# Thread: Linear maps and vectors.

1. ## Linear maps and vectors.

A linear map L: R^n -> R is linear for all v, w that exist in R^n and all a, b that exist in R if...

L(av + bw) = aL(v) + bL(w)

Show that for any vector u that exists in R^n, the transposed vector u^T represents a linear map of type R^n -> R

Also, prove conversely that a linear map L:R^n -> R can be represented as the transpose u^T of a vector u that exists in R^n.

Sorry for the lack of latex usage.
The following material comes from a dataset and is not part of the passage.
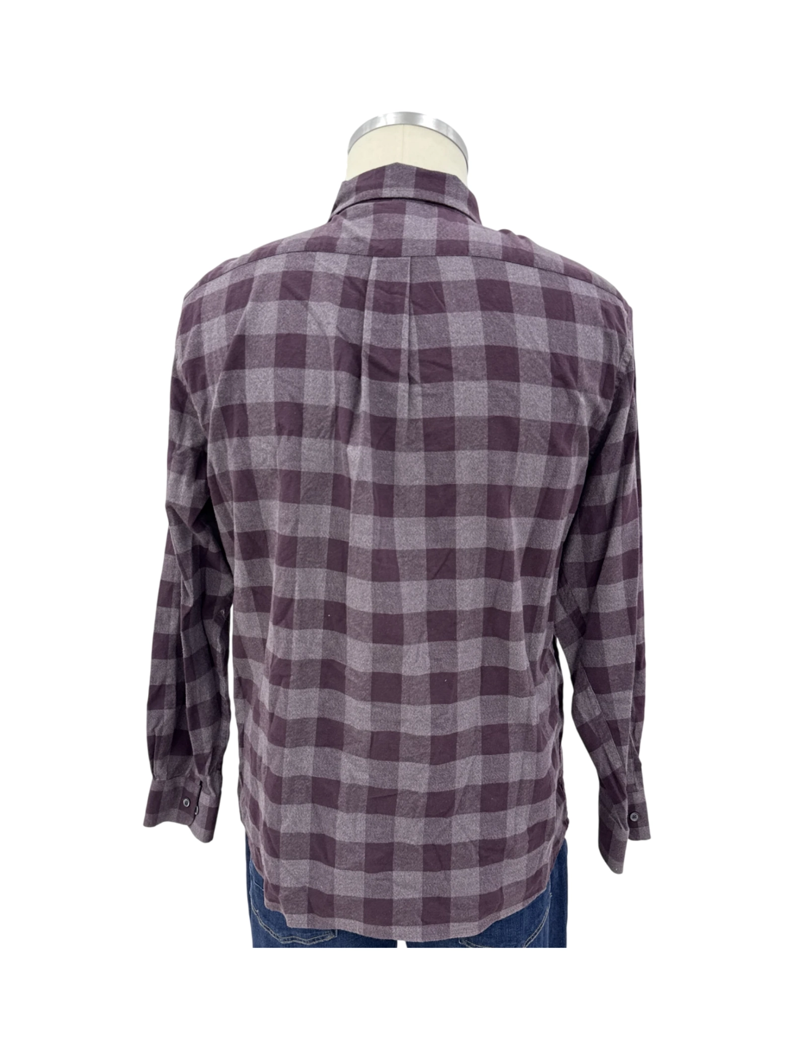 This ROWM long-sleeve shirt is a stylish addition to any wardrobe. Made from 100% cotton, it features a classic plaid pattern in a versatile color. The button-up closure and collared neckline offer a timeless look, perfect for casual or smart-casual occasions. The shirt is in excellent pre-owned condition, and ready to wear. Ideal for fall and winter wear. Get this pre-loved shirt and add a touch of sophistication to your look!

I don't know all the symbols and I'm hoping for an answer as soon as possible.

Sean.

2. Originally Posted by sean.1986
A linear map L: R^n -> R is linear for all v, w that exist in R^n and all a, b that exist in R if...

L(av + bw) = aL(v) + bL(w)

Show that for any vector u that exists in R^n, the transposed vector u^T represents a linear map of type R^n -> R
define $\displaystyle f: \mathbb{R}^n \longrightarrow \mathbb{R}$ by $\displaystyle f(v)=u^T v.$

Also, prove conversely that a linear map L:R^n -> R can be represented as the transpose u^T of a vector u that exists in R^n.

Sorry for the lack of latex usage. I don't know all the symbols and I'm hoping for an answer as soon as possible.

suppose $\displaystyle f: \mathbb{R}^n \longrightarrow \mathbb{R}$ is a linear map. let $\displaystyle e_j \in \mathbb{R}^n$ be a vector with $\displaystyle 1$ in the $\displaystyle j$th row and $\displaystyle 0$ everywhere else. note that every $\displaystyle v \in \mathbb{R}^n$ can be written (uniquely) as $\displaystyle v=\sum_{j=1}^n v_je_j,$ where $\displaystyle v_j \in \mathbb{R}.$
let $\displaystyle u= \sum_{j=1}^n f(e_j)e_j.$ then since $\displaystyle f$ is $\displaystyle \mathbb{R}-$linear, we have: $\displaystyle f(v)=f \left(\sum_{j=1}^n v_je_j \right)=\sum_{j=1}^n v_jf(e_j)=\begin{bmatrix} f(e_1) & . & . & . & f(e_n) \end{bmatrix} \begin{bmatrix} v_1 \\ . \\ . \\ . \\ v_n \end{bmatrix} = u^T v.$